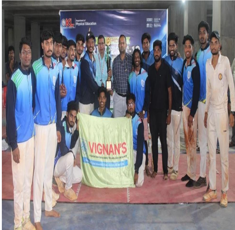
Runner UP: Vignan's University (22 nd March 2025)
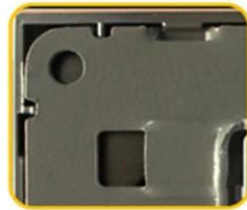
Sturdy steel frame
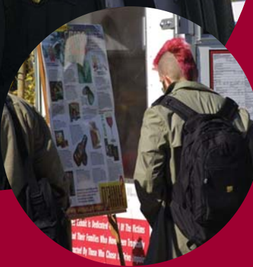
A COS Student intently looking at a MADD exhibit
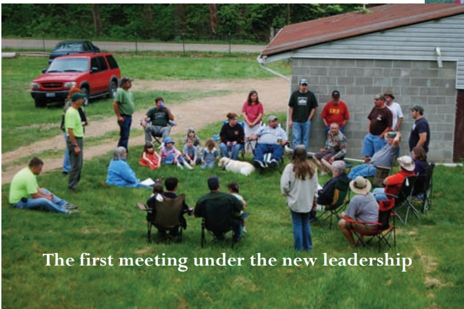
The first meeting under the new leadership
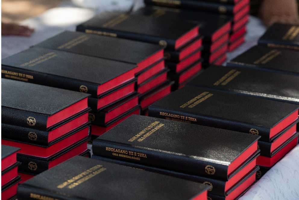
#1 Newly Dedicated Shekgalagari Bibles, Botswana
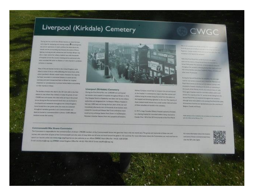
CWGC Information Board in Kirkdale Cemetery
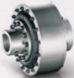
Highly flexible couplings Pages 10–11
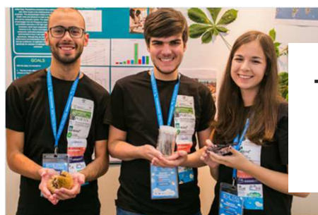
The European Union Contest for Young Scientists: EUCYS 2026
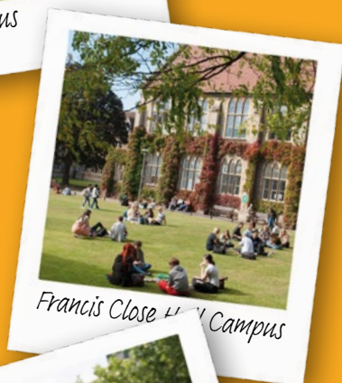
Francis Close Hall Campus
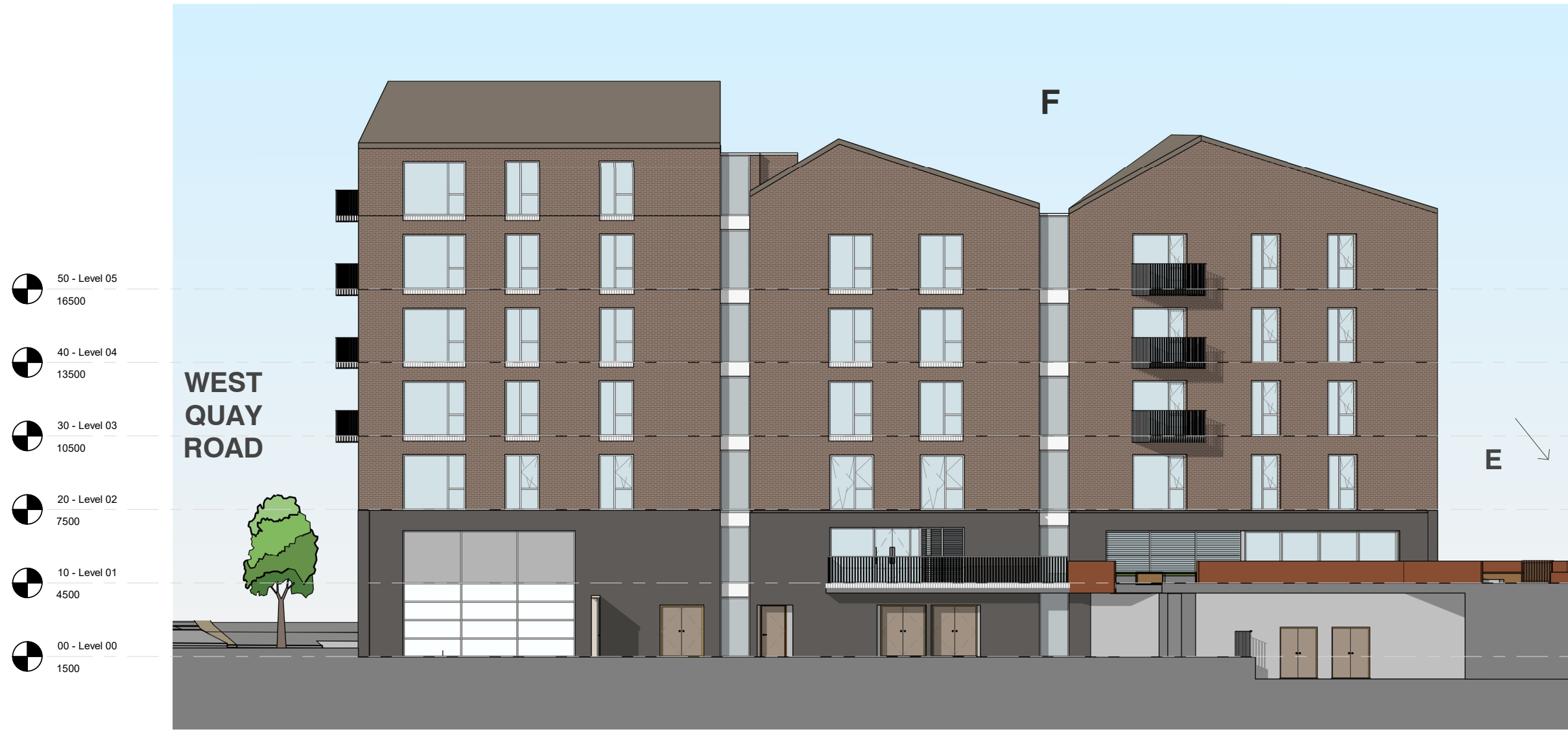
Block F East Elevation 1 : 200

════════

About this task » Make a word-for-word copy of the records above, excluding all pictures.

Problem solution »
Runner UP: Vignan's University (22 nd March 2025)
Sturdy steel frame
A COS Student intently looking at a MADD exhibit
The first meeting under the new leadership
#1 Newly Dedicated Shekgalagari Bibles, Botswana
CWGC Information Board in Kirkdale Cemetery
Highly flexible couplings Pages 10–11
The European Union Contest for Young Scientists: EUCYS 2026
Francis Close Hall Campus
Block F East Elevation 1 : 200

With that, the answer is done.